Owner went away very happy with her 'new paint job'.

Hope you've liked,

*Forgot to say (sorry), glue was removed from glass using a razor blade with #34 Final Inspection. Then it was cleaned with Pinnacle Waterspot Remover and sealed with the same sealant used on paint (WGDGPS3.0).

Questions, comments, critics, suggestions... always, welcome!

Thank you everyone for watching.

Kind Regards.
 
Dang Rafael! Very nice work removing the glue from the paint! That little Opal looks great now.

Looks like you are quickly getting used to the Flex!
 
The real deal. What a way to bring it back. Great job.
 
Dude, great job! :props:

quick question,,?,, when she first came by for you to evaluate her car, you said you fixed a spot on her hood, correct?
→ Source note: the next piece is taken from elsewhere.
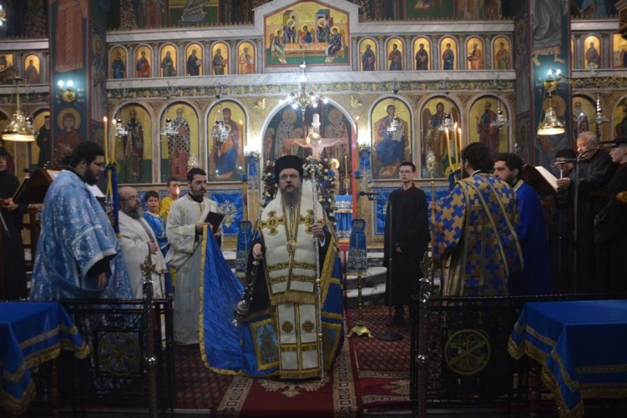 Ο Σεβασμιώτατος έψαλλε τους Οίκους ενώπιον της εικόνας της Θεοτόκου, συμπαραστατούμενος από τον ιεροκήρυκα αρχιμ. Μακάριο Αντωνόπουλο, τον π. Βασίλειο Λιάκο, Προϊστάμενο του Ναού, τον π. Ηλία Λιάκο, τον Συνταξιούχο πρώην Εφημέριο του Ναού, πρωτοπρ. Κωνσταντίνο Σαράκη και τους διακόνους π. Στέφανο Καππέ, π. Αμβρόσιο Καλλιάφα και π. Δημήτριο Λαγούδη. Τους ύμνους της Ακολουθίας απέδωσαν ο Πρωτοψάλτης κ. Χριστόφορος Κοκορόσκος και ο Λαμπαδάριος κ. Ιωάννης Σιδέρης.

For this, did you also spot sand and compound that small section as well or just compound it? How long did it take to spot sand all those areas even before the compounding?

I would have loved to have seen her face when you presented the completed job!
 
Nice work on pulling that glue off! I sometimes don't understand why people do what they do to others' cars :-(
 
Greetings, thank you all for feedback.

I appreciate your answers, and it really adds to my knowledge knowing your thoughts.

@cire, while evaluating I first thought of using a chemical agent. I went with Acetone (first that comes in mind for cured glue stains), on the least visible spot I could get. Being very cautious treating stain by stain was going to be an impossible mission. Also, I couldn't notice any worth improvement in this case.

It became clear that I would have to abrade it somehow, and as always, I've tried the least abrasive method (some polishing pad and medium polish) and the 'test spot told me' I had to step up, a lot.

I went right through MF cutting pads (4" LC) and M100 compound. On that day, I was using a G220v2 DA.

Just compounding made stains brighter, but didn't got the 'pick' for precisely pulling them out. If I was to be compounding until trying to completely remove the stains, I'm pretty sure the paint around would 'came out' first...

Then I've opted to spot sand one stain. The hood was chosen for test, mainly because:

1 - It was giving the worst look to the car, and that was making client afflict.

2 - It's position allows me to do my best performance due to it's height and size. This to reduce the amount of factors controlling the outcome.

3 - It looks great polished! ;)

All decisions and testing were made in a question of little minutes. In no time I was gently scrubbing the first stain with 1500, refining through 3000 and now doing less passes with DA just to get rid of 3000 scratches.

When I've noticed that worked, I've quickly sanded every stain over the hood (not many, maybe 15, 20) down to 3000 then removed with MF and M100.

The same haze observed in one of my pictures above with wool occurred with MF and M100, but in that case I've 'lighten' the haze with white flat polishing pad and M205, mostly 4-5 passes the entire hood at the same time.
PS: Compounding was done by sections.

To follow Meguiar's line I was using that day, I've quickly hand waxed with Ultimate Paste Wax and while scheduling and arranging everything I've let it cure a bit and wiped off, leaving the hood 'flawless' (modesty apart, please).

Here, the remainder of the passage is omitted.